START Supplied data

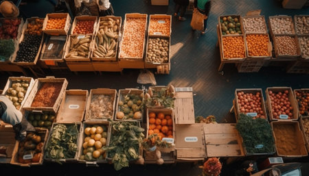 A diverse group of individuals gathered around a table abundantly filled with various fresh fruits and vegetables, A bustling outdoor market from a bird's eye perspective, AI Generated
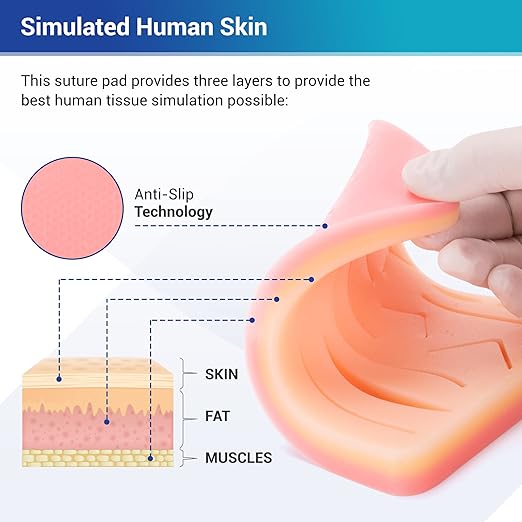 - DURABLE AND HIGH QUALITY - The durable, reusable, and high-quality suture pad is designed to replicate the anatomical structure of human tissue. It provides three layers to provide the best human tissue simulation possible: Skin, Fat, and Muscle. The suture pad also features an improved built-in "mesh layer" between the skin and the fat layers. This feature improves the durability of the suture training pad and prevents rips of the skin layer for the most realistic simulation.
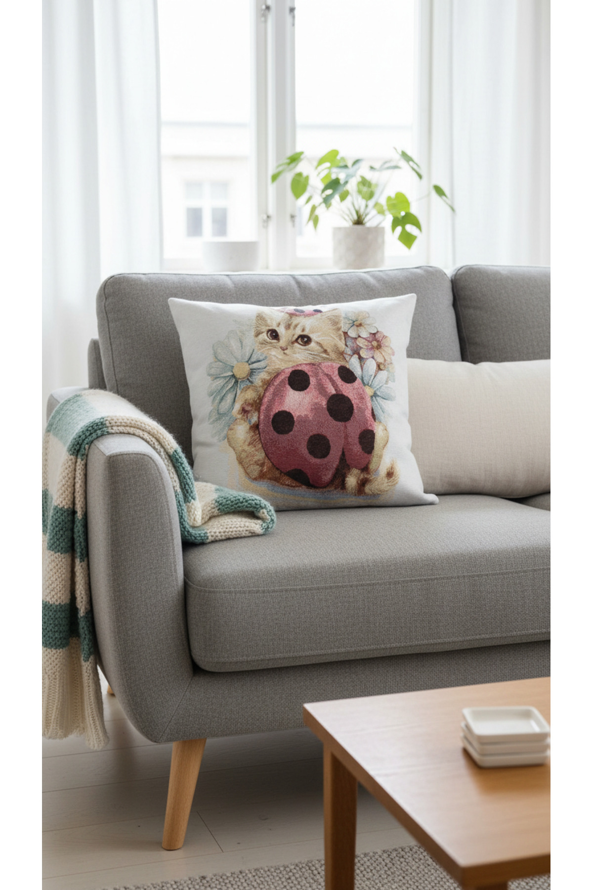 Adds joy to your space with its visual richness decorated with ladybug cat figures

END Supplied data

◆ Task item
From the line containing "- DURABLE AND" down to the end of the data above, reproduce each line exactly; no pictures.

◆ Answer to this exercise
 - DURABLE AND HIGH QUALITY - The durable, reusable, and high-quality suture pad is designed to replicate the anatomical structure of human tissue. It provides three layers to provide the best human tissue simulation possible: Skin, Fat, and Muscle. The suture pad also features an improved built-in "mesh layer" between the skin and the fat layers. This feature improves the durability of the suture training pad and prevents rips of the skin layer for the most realistic simulation.
 Adds joy to your space with its visual richness decorated with ladybug cat figures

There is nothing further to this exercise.